Television broadcasters plan to mount a legal challenge to the new $2.5M annual licensing fee recently announced by the Guyana National Broadcasting Authority (GNBA), pioneering broadcaster Anthony Vieira said yesterday, while the main opposition APNU charged that the increase would force small stations out of business.
“We have hired attorneys to challenge the $2.5M and to challenge the way the $2.5M is implemented,” Vieira told an APNU news conference.
Vieira later identified the operators of channels 2, 7, 9, and 13 being among those who will be party to the legal suit.

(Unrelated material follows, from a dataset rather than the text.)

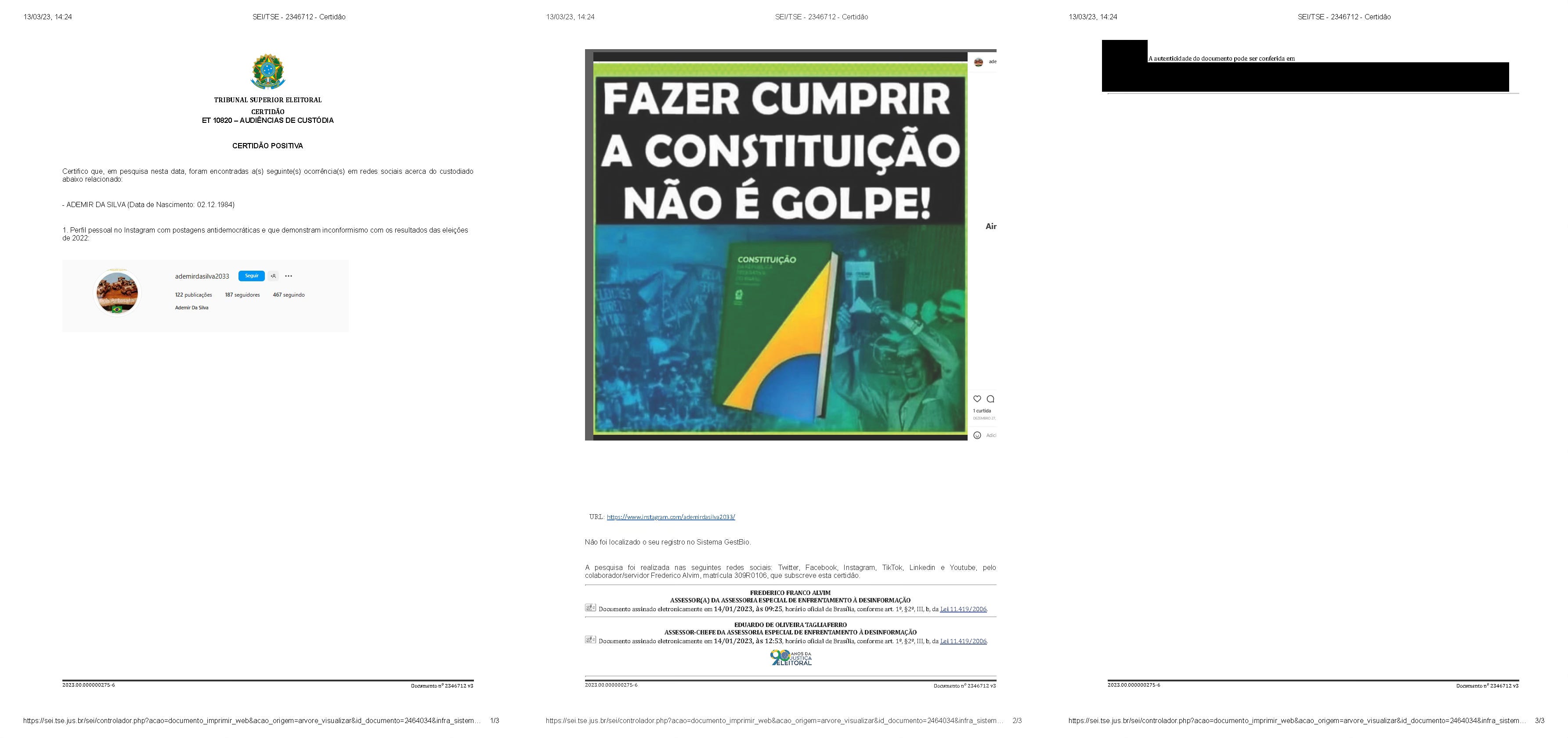 According to attorney André Marsiglia, a freedom of expression specialist, it’s illegal for the Electoral Court to produce reports that influence judicial decisions, such as the arrest or release of January 8 defendants. He argues that the task of investigating and building a case belongs solely to the Public Prosecutor’s Office, which must remain independent from the court that issues rulings.

Last month, head of the GNBA board Bibi Shadick declared that from this year broadcast licence fees will be no less than $2.5M per year. “The decision of Cabinet was that the annual licence fee for all licensed broadcasters… be equivalent to three percent of the year preceding, for commercially-operating firms… provided that the three percent is no less that $2.5 million,” she had said.
APNU executive Joseph Harmon also denounced the new fee yesterday, saying that the coalition believes that the across-the-board sum was unfair to small and out of city stations with less earning capacity than larger and centralised ones.
He said too that small stations would be forced out of business because they will be unable to meet the large fee coupled with their own overheads. “Television stations that are perceived to be sympathetic to the views expressed by the opposition will be targeted in this technique of fees manipulation to make it less profitable to operate and eventually put them out of business,” he said.
Harmon, who said the fee must be rejected, also said that APNU was concerned about some of the provisions of the Broadcast Act of 2011, which he suggested contravene the constitutional right to freedom of expression.
“The licence fee of $2,500,000 is a massive increase from the sum of $240,000 which television broadcasters previously paid annually… The issue of licensing fees brings into sharp focus APNU’s concerns about the Broadcast Act No 13 of 2011 and some of its provisions which offend freedom of expression guaranteed in Article 146 of the Guyana Constitution,” he said.
In addition, Harmon noted that the state-owned stations were already beneficiaries of a large percentage of advertisements due to unfair competition. “In an environment, where advertising dollars is a scarce commodity, where state-owned media compete for the same advertising dollar as the private broadcast media, where advertisers have expressed fear of victimisation when they advertise on certain TV stations, the time when the TV stations can be faced with closure cannot be far off,” he added.
Harmon criticised the GNBA Board for not playing a role in determining the licensing fees. He said he believed that as an autonomous office, the board should exercise its functions and not have government determining its role. As a result, he called on the board to review the prescribed fees. “If Ms Shadick, could say this is what she was given by Cabinet, then clearly the [members of the] board [themselves] did not exercise their minds to the reality of broadcasting…. The Broadcast Act 13 of 2011 which gives the President the power to appoint 6 of the 7 members of the authority without consultation permits a level of arbitrariness and interference by Government,” he said.
The coalition also plans to soon table amendments to the Broadcast Act of 2011.
When Stabroek News contacted Shadick about the concerns, she informed that at the time she could not comment but will do so today when she would have personally analyzed concerns raised.